In the locking position, the locking bar is connected to the motion transmission mechanism by the connecting mechanism, so there is large friction between the protrusion and the notch due to changes in surface pressure due to the external force of the track. Even if a force is generated, the lock can be unlocked by the force of the motor or handwheel transmitted from the motion transmission mechanism.

Furthermore, according to the structure in which the handwheel insertion port is made watertight as described above, the handwheel insertion port, the shaft of the safety lever, etc. are sealed with a prevention ring, so that When the handle is inserted into the mouth and the handle is operated by hand, water can be prevented from seeping through the insertion port, the shaft of the safety device lever, etc.

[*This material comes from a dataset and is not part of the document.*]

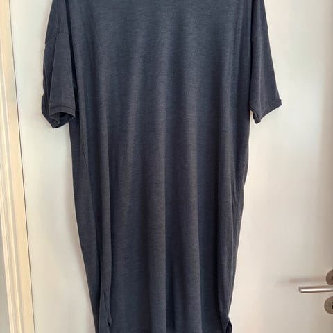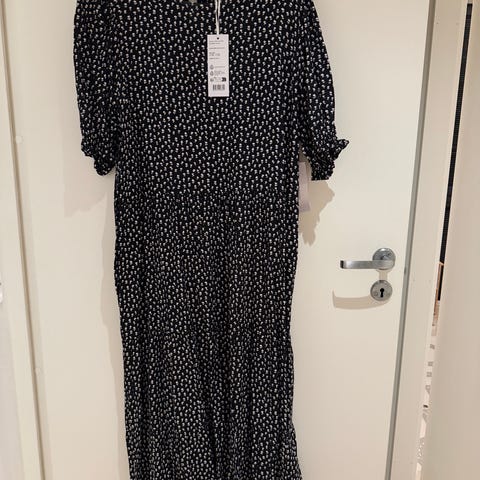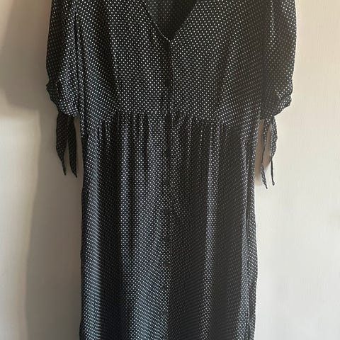 Stilig, men komfy hverdagskjole. Lavt liv og skjørtelengde til midt på leggen. Str S, men kan også passe M og L pga løs passform. Stoffet (viskose) faller pent.
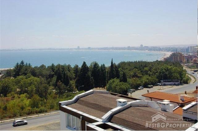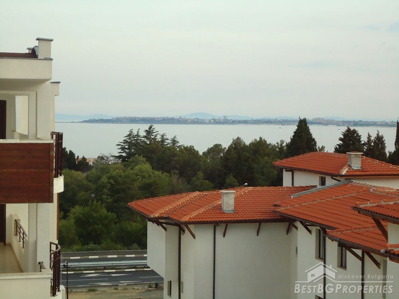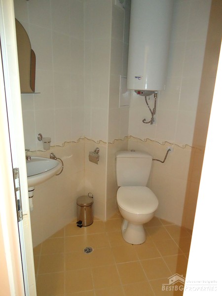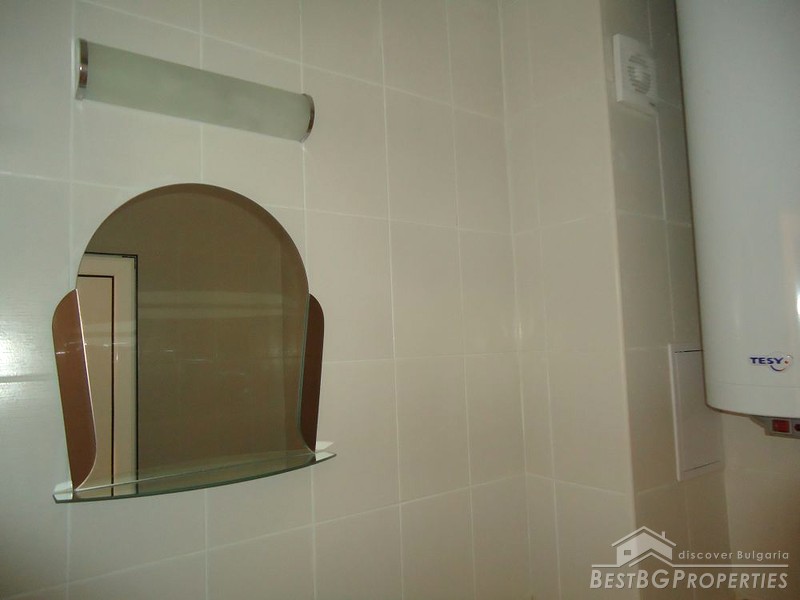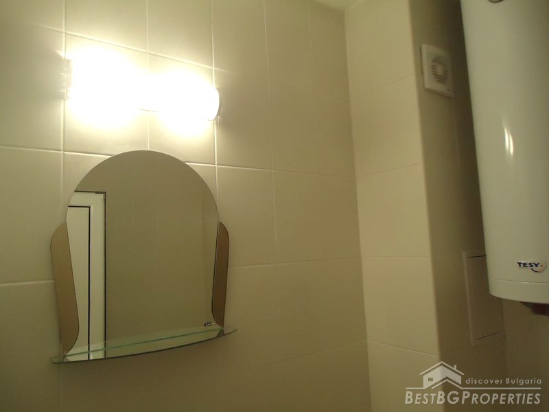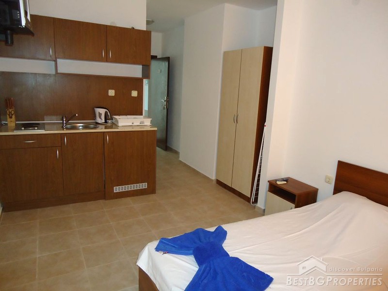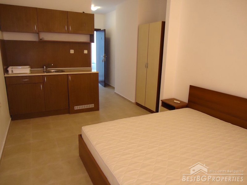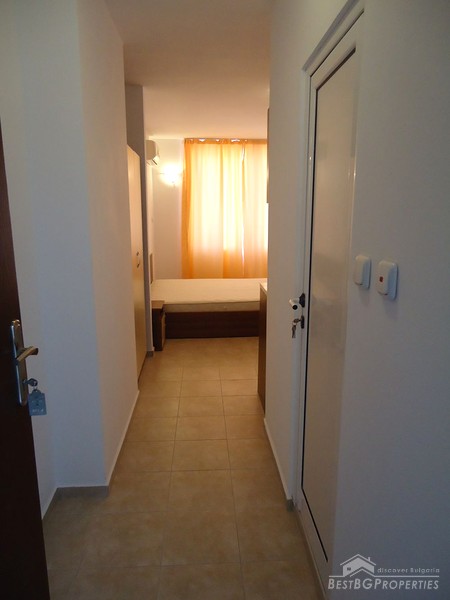 The offered studio is situated on the fourth floor of the building and has total living area of 30.52 sq m including the common parts. The clean living area is 27 sq m. The apartment is for sale fully furnished and equipped with cupboards, hob and extractor, bathroom with bathtub, double bed, table with stools, hangers, wardrobe, bed linen. The studio was given away for rent last year, never has been used previously. It has a side view of the sea. The maintenance fee is 10 euro per sq m.

[Brief explanation of drawings]

FIG. 1 is a plan view of a waterproof electric switch according to an embodiment of the present invention, with the cover removed. Figure 2 is a longitudinal sectional view of Figure 1.
The cover is shown installed.
FIG. 3 is an explanatory diagram of the locking pin, and FIGS. 4 to 7 are partially enlarged views of the switch machine. 3...Operation pin, 4...Lock pin, 6...Motor, 7...Main gear for conversion, 9...Lock bar,
8, 72, 81-86...Motion transmission mechanism, 11...
...Spring member, 12, 13, 121, 105a, 9
d, 83c...Connection mechanism.

Claims (1)

[Scope of Claims] 1. A conversion main gear 7 that rotates in conjunction with the motor 6, an operation for switching the tongue rail between the stereotaxic side and the opposite side in conjunction with the rotation of the conversion main gear 7, and the tongue rail. A locking pin 4 that switches between the normal position and the opposite side in conjunction with the rail, a reverse locking position where the locking pin 4 is locked on the opposite side, and a positional locking position where the locking pin 4 is locked on the normal position side. A locking bar 9 that is movable in three positions with respect to an intermediate release position, and a motion transmission mechanism that converts the rotational motion of the conversion main gear 7 into linear motion and transmits the linear motion to the locking bar 9. In a waterproof electric point machine having: between the motion transmission mechanism and the lock bar 9,
A coupling mechanism is provided in which a motion transmission path in which an overload buffering spring member 11 intervenes and a motion transmission pathway in which a non-deformable coupling member 12 intervenes are arranged in parallel, and the lock bar 9 is connected to the positional lock. When in the position or in the reverse chain position, motion is transmitted through a motion transmission path via the connecting member 12, and at other times, motion is transmitted through a motion transmission path through which the spring member 11 is interposed. Model electric point machine.